**Problem to solve:**
Restate verbatim the span of lines below between the line with "Mid Century Modern" and the line with "Taşlı Çizme Kolye - Altın", including those two lines, and only that span.

**Listed records:**
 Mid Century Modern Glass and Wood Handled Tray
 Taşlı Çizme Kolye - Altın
* * *
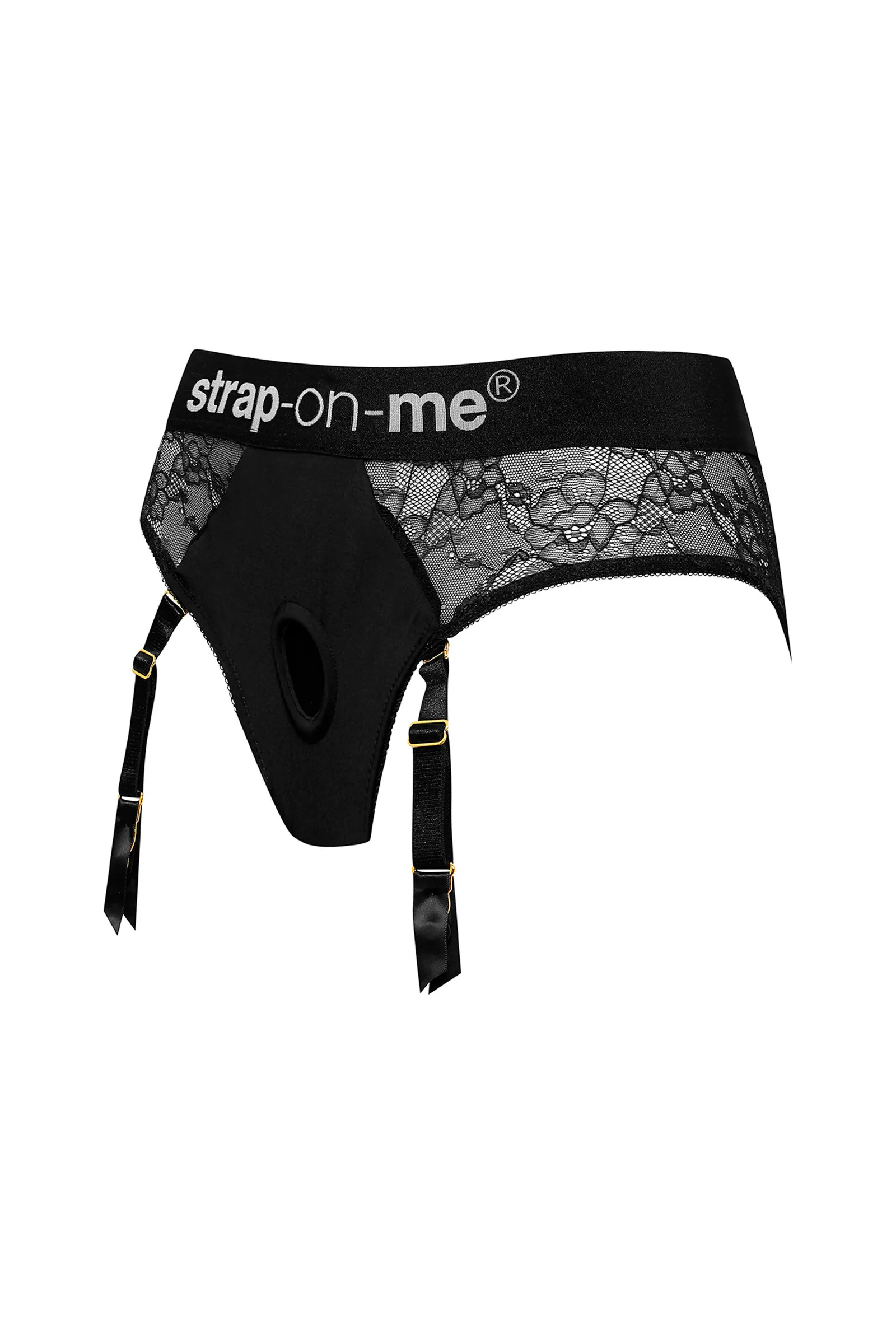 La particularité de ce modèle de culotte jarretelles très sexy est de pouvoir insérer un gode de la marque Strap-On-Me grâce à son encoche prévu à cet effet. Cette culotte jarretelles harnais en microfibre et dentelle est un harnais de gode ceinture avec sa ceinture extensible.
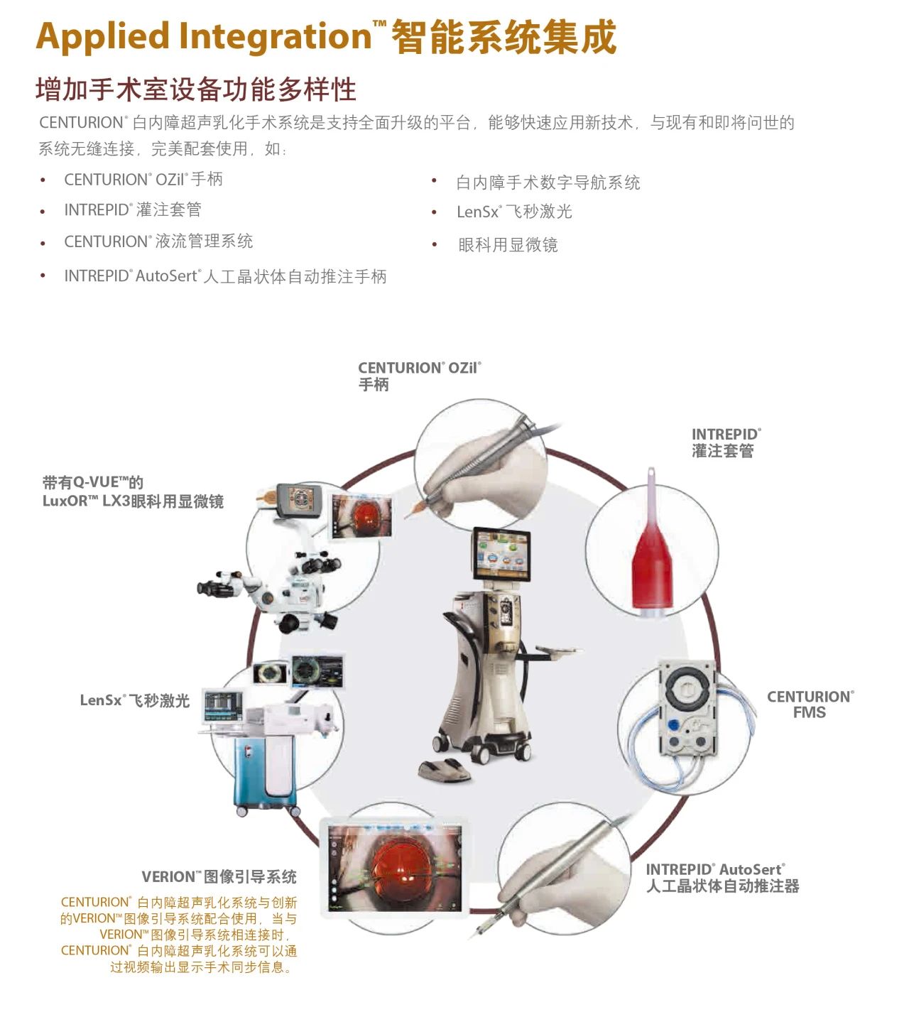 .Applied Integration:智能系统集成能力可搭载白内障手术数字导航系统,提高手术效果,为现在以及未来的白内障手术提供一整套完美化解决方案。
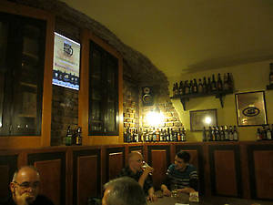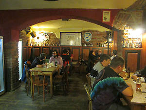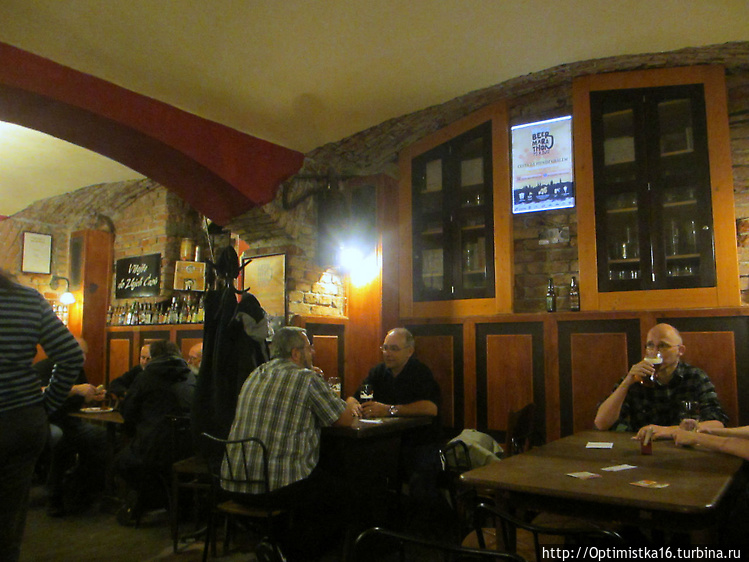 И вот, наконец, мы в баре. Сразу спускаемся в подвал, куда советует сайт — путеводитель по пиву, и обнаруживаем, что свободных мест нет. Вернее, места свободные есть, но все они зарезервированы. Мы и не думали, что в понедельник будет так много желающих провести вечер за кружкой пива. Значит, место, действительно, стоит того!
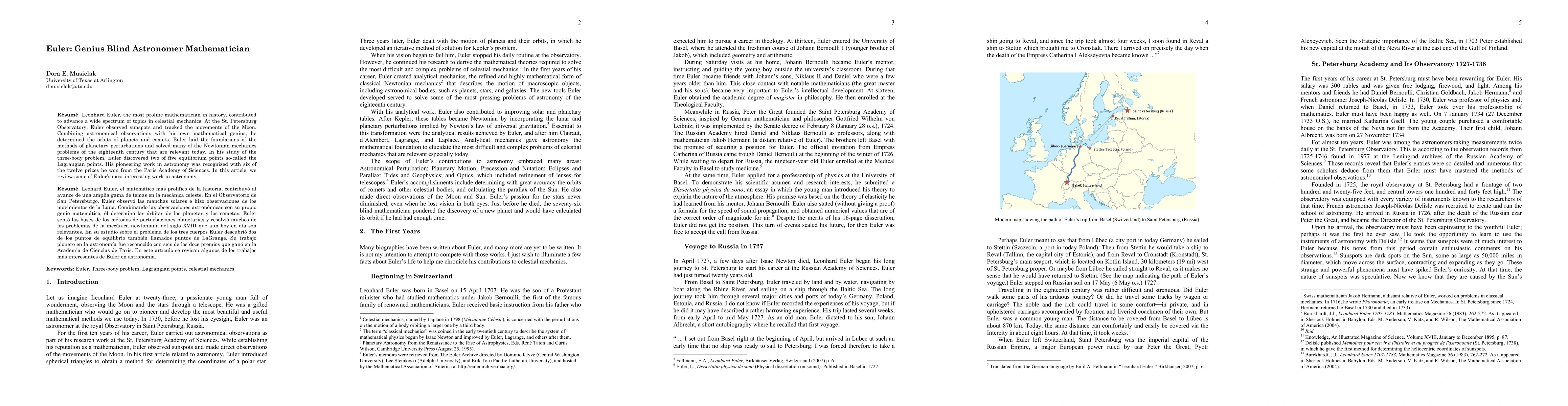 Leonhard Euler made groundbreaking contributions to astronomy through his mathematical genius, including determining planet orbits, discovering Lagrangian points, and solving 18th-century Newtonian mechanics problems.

**Response to this task:**
 Mid Century Modern Glass and Wood Handled Tray
 Taşlı Çizme Kolye - Altın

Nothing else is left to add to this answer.